Wareham Castle and the town defences, known locally as the Walls, were fortifications in the town of Wareham in Dorset, England.

==1st-11th century==
The site of the town of Wareham was probably occupied in the pre-Roman period and a Roman settlement was established there, taking advantage of its strategic location along the River Frome. It was taken by the Saxons in the late 6th century and, by the end of the 9th century, it had become one of the most important Anglo-Saxon burhs in Dorset. The burhs were defensive sites created by King Alfred the Great and his son Edward the Elder to defend the borders of the kingdom of Wessex, although the work at Wareham may potentially have built on existing defences.

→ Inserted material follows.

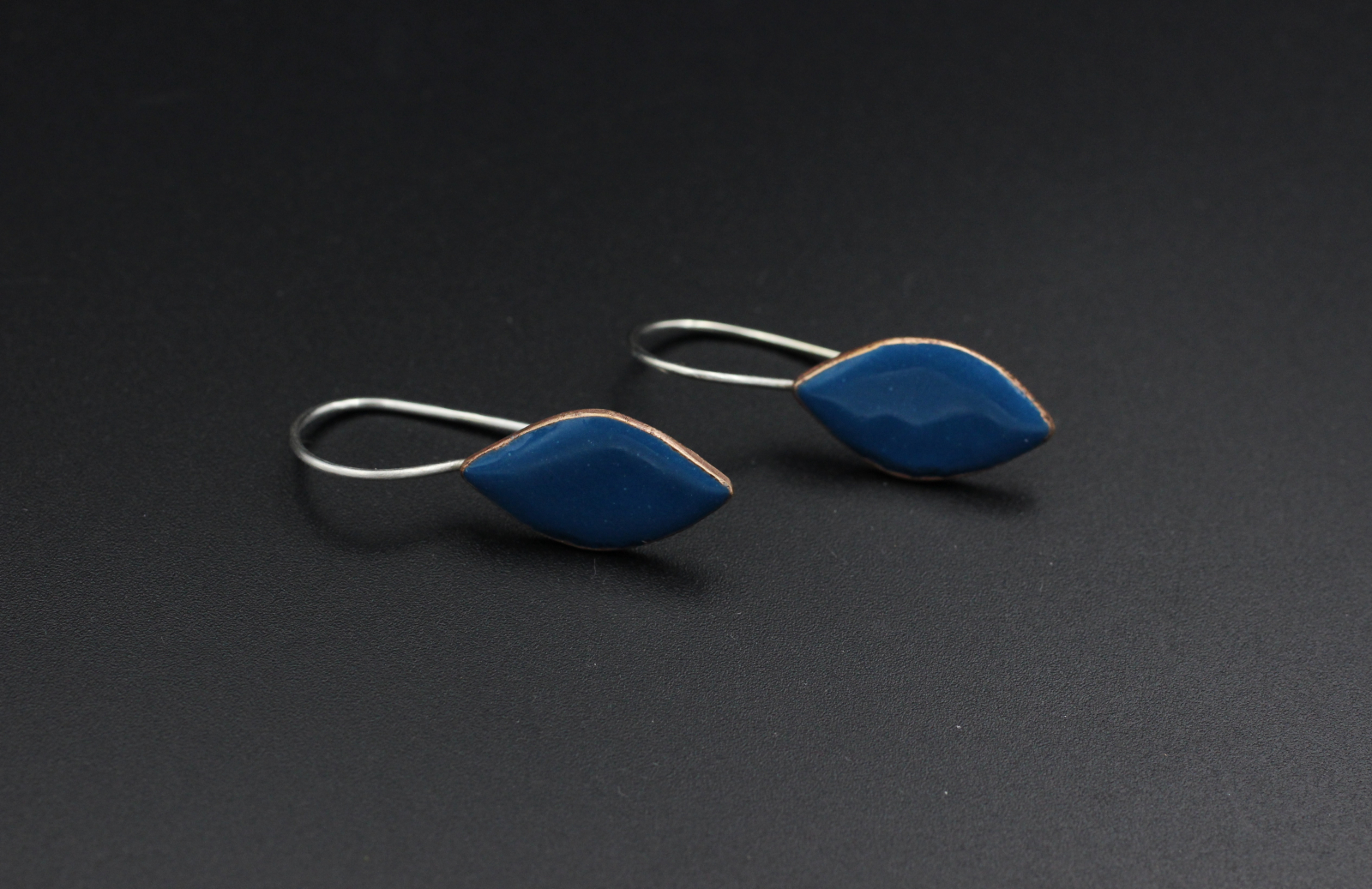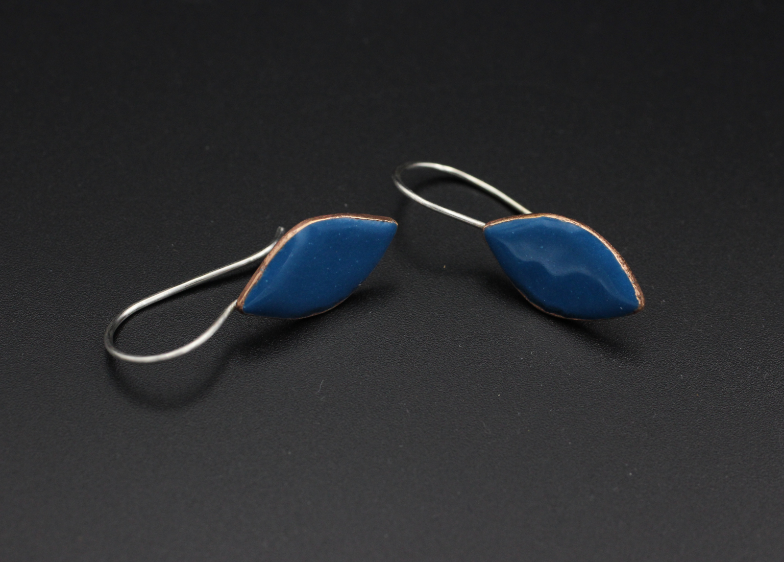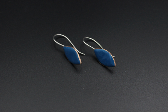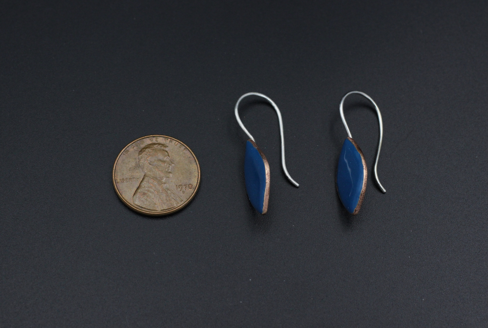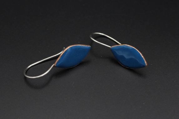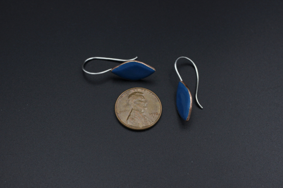 These are cut pennies that have been torch enameled. The sterling silver ear wires are soldered to the copper.

The defences encompassed a rectangular area, up to 90 acres in size. It took the form of an earthwork bank with a protective ditch, topped by timber-faced ramparts, approximately 585 yards long on the west side, 670 yards along the north and 760 yards on the eastern side – the length of the southern edge along the river is unknown. Four entrances to the town were built, one on each side. Probably at the end of the 10th century, or the beginning of the 11th century, the timber facings were replaced with stone. A system of taxes was established to support the burhs and in the Burghal Hidage record that survives from the reign of Edward, it shows that 1,600 hides – an area of land – were allocated for Wareham, sufficient to maintain 2,200 yards of ramparts.

==12th-16th centuries==
Wareham Castle was built in the south-west corner of the old Anglo-Saxon earthworks, taking the form of a motte with an inner and outer bailey, protected with timber defences and a ditch. The original size of the motte is not known; 18th- and 19th-century records suggest it was between 55 and 60 ft across. It is uncertain when the castle was built; it may have been constructed soon after the Norman Conquest in 1066, although no physical evidence has been found to prove this theory. If the castle was built soon after 1066, the construction work may have required the extensive demolition of houses in that part of the town, and the decision to place it in the south-west sector may have been linked to the presence of a former Anglo-Saxon royal residence there.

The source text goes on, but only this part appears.